***** MATERIAL FOR THIS TASK

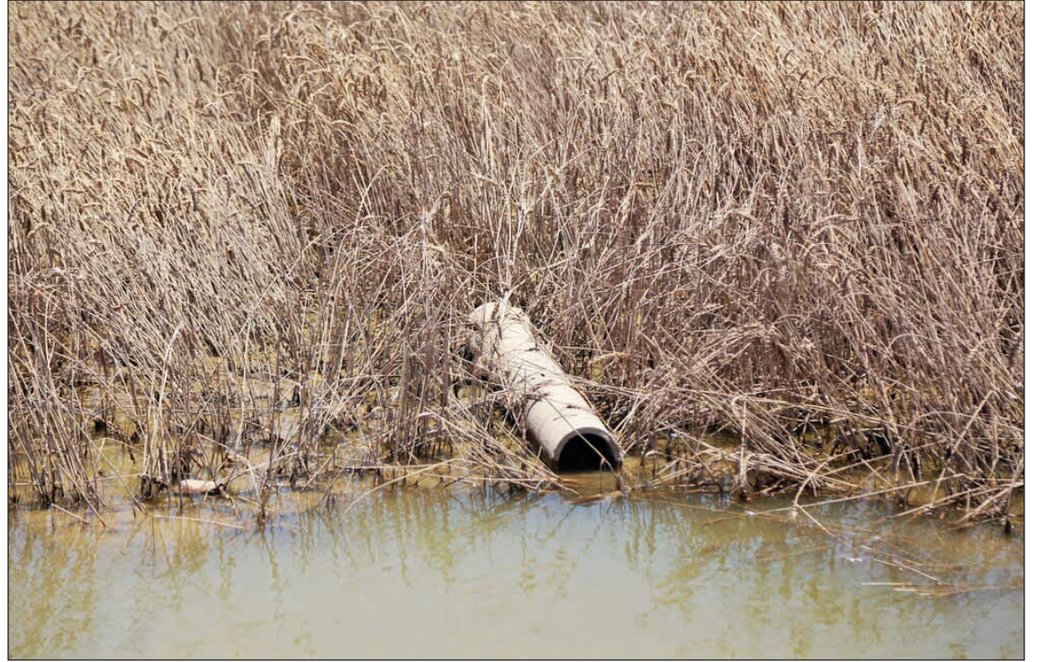
خسارات سیل به ۲۰۰ هکتار از گندمزارهای خوزستان
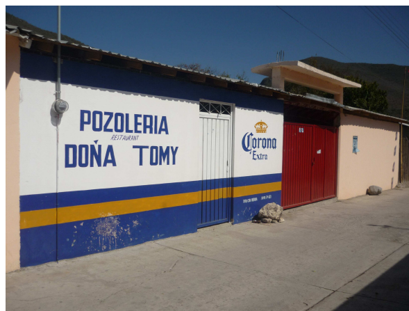
Una de las Pozolerias Restaurant del pueblo

Cuenta con 6 restaurantes, de los cuales los que resaltan mas son el restaurante los Magueyes, Pozoleria Doña Tomy y Pozoleria Lupita. Los cuales son visitadas por los capitalinos los días jueves de pozole, viernes de Mariscos, sábados y domingos.
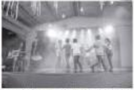
Programa visa integração social e cultural à comunidade Inhayba-Jardim de Inhayba

No local histórico, o grupo aprendeu sobre a história, arte e cultura da comunidade. As oficinas de teatro, dança e música foram realizadas no espaço da comunidade. A iniciativa é promovida pela Direção Cultural e apoiada pela Fibrina.
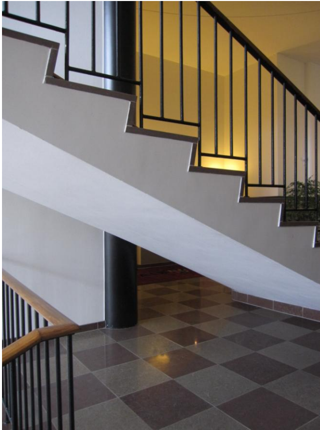
Illustration 4 – Bagsiden af trappen mellem stueetagen og 1. sal

”Af sikkerhedshensyn bør undersiden af fritstående trapper afskærmes, så uopmærksomme personer og synshandicappede ikke støder hovedet mod trappen.”
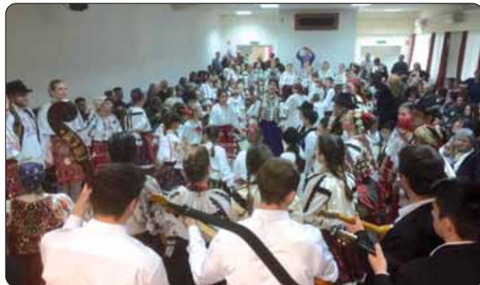
U velikom kolu

Odrasli su osim kupovanja poklona imali i druge izdatke. Obvezatno je bilo posjetiti krčmu ili restoran, popiti nešto uza živu glazbu najčešće romskih svirača. Većina je muškaraca zatim otišla na nogometno igralište, paju , gdje je održana utakmica između domaće i gostujuće momčadi. Povoljan ili nepovoljan rezultat se odražavao na kasniji tijek dana, premda su ugostitelji mogli biti zadovoljni i nakon pobjede i poraza domaće momčadi. Obvezatan je događaj ovog dana bio i bal koji se u zadnjih nekoliko desetljeća također temeljito promijenio. Bal je bio završna zabava proštenja, koje je nekada trajalo i više dana. Kako piše i enciklopedija Leksi-
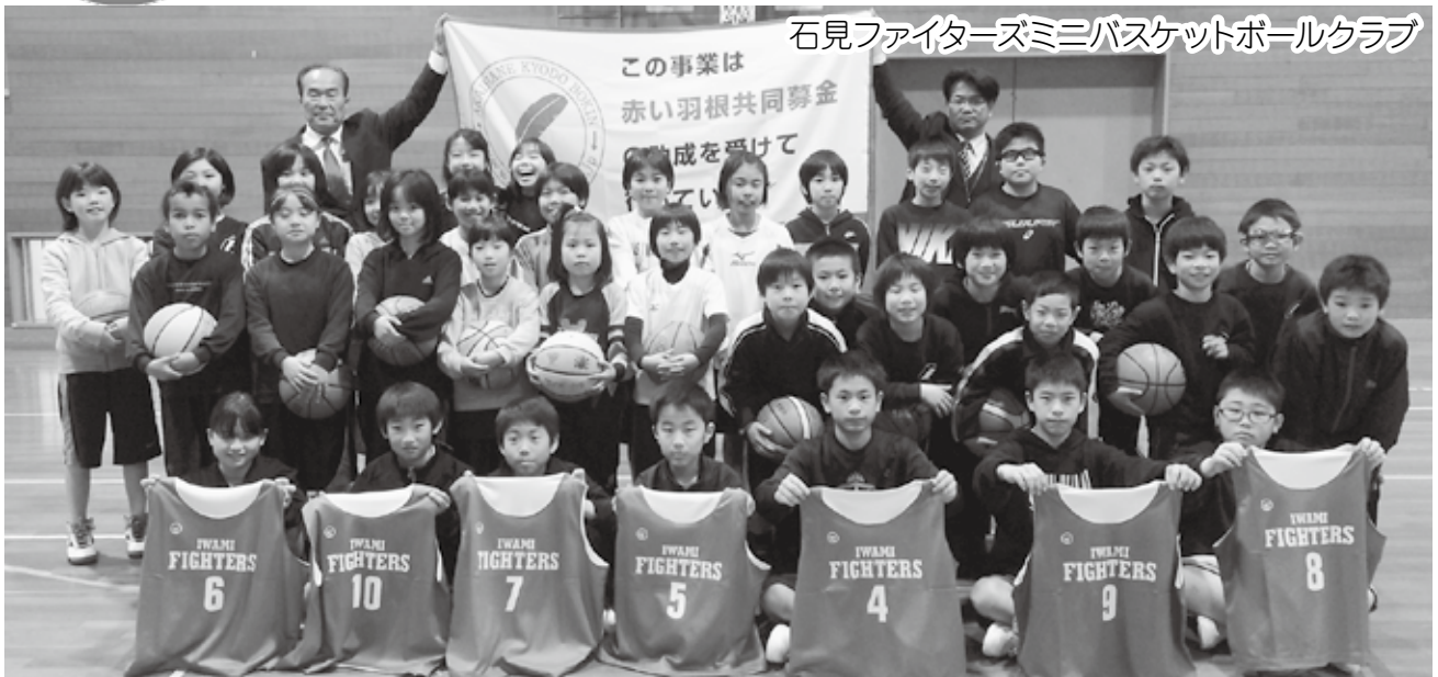
石見ファイターズミニバスケットボールクラブ

邑南町共同募金委員会では、平成27年度スポーツ少年団支援事業として、町内の5団体に物品助成を行いました。この事業は町内においてスポーツ活動・育成・交流等を積極的に試みる団体を支援するもので、それぞれの団体より申請のあった物品を贈りました。今年度もたくさんの子どもの頑張る姿やいきいきとした笑顔に出会うことができました。邑南町共同募金委員会は、各団体が今後ますます活発に活動されるよう応援していきます。

**********

Filter the entries above and copy only the lines that hold "trappen".

§ EXERCISE RESULT
Illustration 4 – Bagsiden af trappen mellem stueetagen og 1. sal
”Af sikkerhedshensyn bør undersiden af fritstående trapper afskærmes, så uopmærksomme personer og synshandicappede ikke støder hovedet mod trappen.”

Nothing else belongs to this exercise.